Потом Саню хоронили.

В клубе стоял гроб, обитый кумачом и заваленный еловыми ветками. В огромной, заполненной молчаливыми людьми комнате молодо и свежо пахло лесом.

У гроба стояла мать Сани, еще совсем молодая, в черном платке. Она не плакала, стояла молча, только все время приглаживала жесткий завиток рыжеватых волос на Санькином лбу. И тогда все видели, как мелко дрожат ее руки. И какие они натруженные и старые, по сравнению с молодым лицом. У стены на табуретках сидели два подростка с заплаканными глазами и, не переставая - откуда только силы брались растягивать меха, - играли на двух гармонях "Интернационал".

На кладбище дул гетер, шуршал опавшими листьями, трепал оторвавшийся кусок кумача на гробе.

Говорили короткие речи, похожие на клятву.

И каждый, кто говорил, называл Саньку "товарищ Чижов".

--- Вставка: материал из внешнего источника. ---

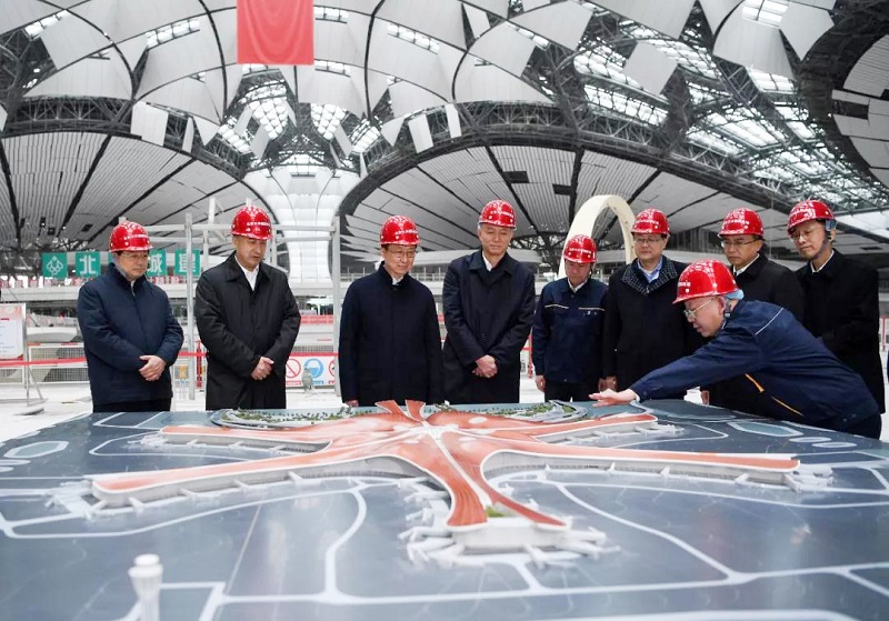 韓正表示,大興機場已進入施工關(guān)鍵期、沖刺期,要在確保安全生產(chǎn)的前提下,嚴(yán)把施工質(zhì)量,發(fā)揚工匠精神,精益求精,爭創(chuàng)一流,讓工程經(jīng)得起歷史檢驗。

А Зайченко сказал: "Наш дорогой красный боец и сын Революции".

Вот тут мать Сани в первый раз заплакала. А во второй раз, когда гроб опускали в могилу и комсомольцы стреляли в воздух.

Потом ее увели, и все потихоньку стали расходиться. Остались у могильного холмика, убранного еловыми ветками, Алексей с Настей, Глаша, Степан и встрепанный, сразу вдруг похудевший Федор.

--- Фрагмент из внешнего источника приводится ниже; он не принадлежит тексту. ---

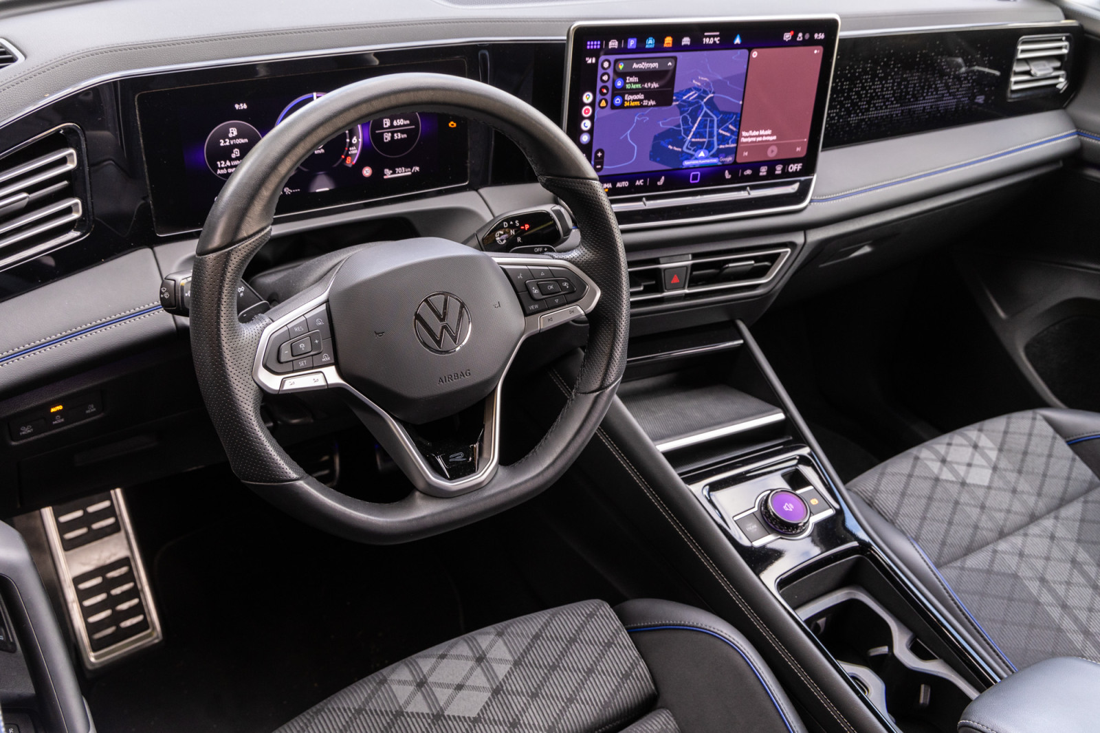 Για την οδήγηση του Tiguan eHybrid, το πιο απλό είναι να το αφήσεις να διαχειρίζεται μόνο του τις λειτουργίες. Αυτό αποδεικνύεται καλύτερο από το να προσπαθείς με περίπλοκες ρυθμίσεις να ανεβάσεις την αποδοτικότητα -δεν θα καταφέρεις ούτε 5%. Για τη μέγιστη αποδοτικότητα, και εφόσον η μπαταρία έχει αρκετή ενέργεια, το αυτοκίνητο ξεκινά αυτόματα σε 100% ηλεκτρικό πρόγραμμα, με την ανάκτηση ενέργειας να ελέγχεται αυτόματα -μπορείς να τη ρυθμίσεις και χειροκίνητα μέσα από την οθόνη σε ήπια ή ισχυρή. Η διαδικασία βελτιστοποιείται χάρη στην ανάλυση χαρτογραφικών δεδομένων του GPS και του ραντάρ του adaptive cruise control, ανάλογα με την τοπογραφία και την κίνηση.Όσοι οδηγοί θέλουν μεγαλύτερη εμπλοκή έχουν τη δυνατότητα να πειραματιστούν με τα διάφορα προγράμματα οδήγησης. Μέσα από τον περιστροφικό διακόπτη στην κονσόλα ή την οθόνη του infotainment ρυθμίζονται η απόκριση του γκαζιού, η υποβοήθηση του τιμονιού, η λειτουργία της ενεργής ανάρτησης DCC και ο κλιματισμός.

Была отсюда видна заводская труба, кричали и кружились в небе галки, а они все стояли и поеживались на ветру. Погом к Алексею подошел Федор, надел треух и сказал:

- Пиши меня в комсомол, Леша.

VI

Команду на построение давали в девять вечера.

Степан любил эти короткие полчаса, когда рота стояла в строю и слушала своего командира. Ему казалось, что они на фронте и Колыванов называет не посты караулу и улицы патрулям, а места, которые надо отбить у врага. И пусть названия эти привычны с детства. На самом-то деле все по-другому! Это - шифр, условные обозначения, чтобы противник не догадался, куда сейчас, скрытно и без шума, они двинутся.

Степан стоял, сжимая в руках винтовку, и ждал, когда же прозвенит труба, тревожно заржут кони, ахнет под копытами земля. Он будет скакать на своем белом коне, почти прижмется к горячей его шее, чтобы удобней было рубить наотмашь, и такими яркими будут в небе звезды, что синью заполыхает клинок в руке!

- Степан! - окликнул его Колыванов. - Заснул?

Ну вот... Сабли у него никакой нет, не в конном строю он, а в пешем, и пойдут они сейчас не в атаку: до утра будут мерять шагами улицы, а он прослушал, кого ему дали в напарники и где им патрулировать.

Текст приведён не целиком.